Soldering wheel centres

I dragged out the resistance soldering unit this morning to solder those centres into their tyres. On the first wheel, I experimented with solder paste and a torch, but ultimately settled on the RSU. So, with only twelve joins to make, I started work with the RSU again. This time, I found that after the first spoke, the current was passing through that path and refusing to warm up the next joint.

Finally, I gave up and went to dig the trusty Weller out of Mt Deluge. This worked perfectly. A little drop of Carr’s green label and the tiniest smidge of solder offered up to the joint on the tip of the hot iron resulted in a quick poof of noxious vapour known to cause cancer in California and a nice solid joint.

At the end of play: Weller 9 – RSU 3


10 thoughts on “Soldering wheel centres

  1. Wow. Aren’t you glad you don’t live in California?

    Perhaps a dumb question at this point but how do you know the center of the wheels will be the center of, well, the wheel? Do you plan to turn them true later?


    1. Shoulder fumes are an entirely different matter, of course!
      Glad to hear the surgery went ahead. What’s the prognosis for getting back on the bike? When I did mine, it was six months before I could ride again, but I had no screws or straps.

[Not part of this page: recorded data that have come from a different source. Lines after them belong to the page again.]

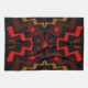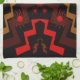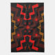 Den här lysande färgaden amerikanska kökshandduken MoJo har en primitiv abstrakt mönster av blixten och sol i jordtoner av orange, rött, svart och brun.
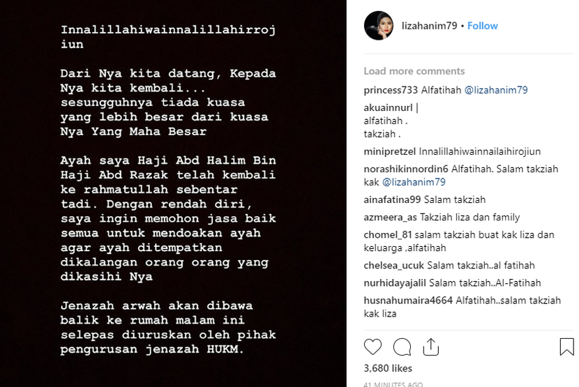 Bapa Liza Hanim Meninggal Dunia Hiburan Mstar
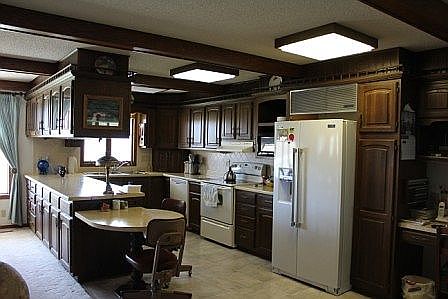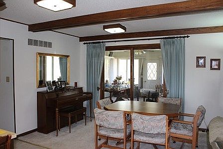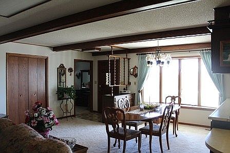 This spacious open floor plan includes a formal dining area, living room with fireplace, informal eating area, and kitchen all within the same space! There are 2 large bedrooms and 2 baths on the main floor, as well as a laundry room with lots of extra storage, and a sunroom with auxilary heat & air. The 2 car attached garage is finished with additional storage, and there is a carport for lawn tractors or trailers. The storage barn is 12' x 20', with a loft. There is a full basement which is mostly unfinished, but does have a brick wood-burning fireplace, full bath, and egress window. The property is on well water, it's own septic system, propane, and Rolling Hills Electric.
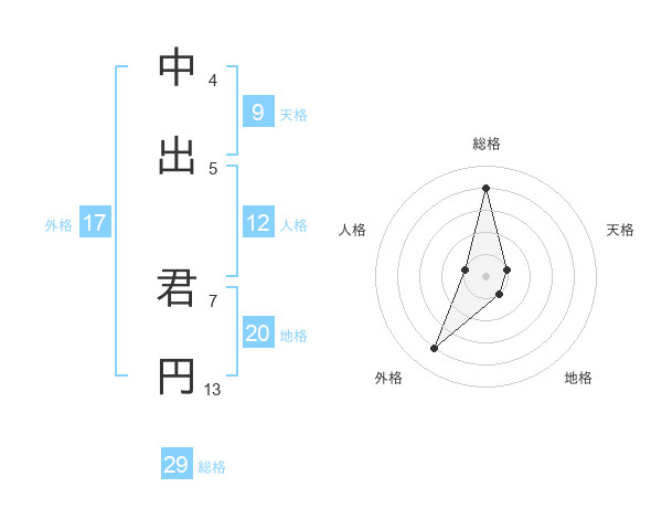 中出 君円さんの総格は29画の4点!

      1. Saw the surgeon today who said 2-4 more weeks before pt then another 16-12 weeks. Great. Time to subscribe to SketchUp and start designing parts!

  2. For my surface mount electronics stuff, I’ve got a (very) modified toaster oven that gets hot enough to melt solder paste. I wonder if you’d have any luck with frankentoaster?

    1. Maybe it’s worth a shot. I think one of the challenges with the torch was that perhaps I wasn’t using the right flux. The tyres are stainless steel, which requires an acid flux; and I don’t know what is in my paste.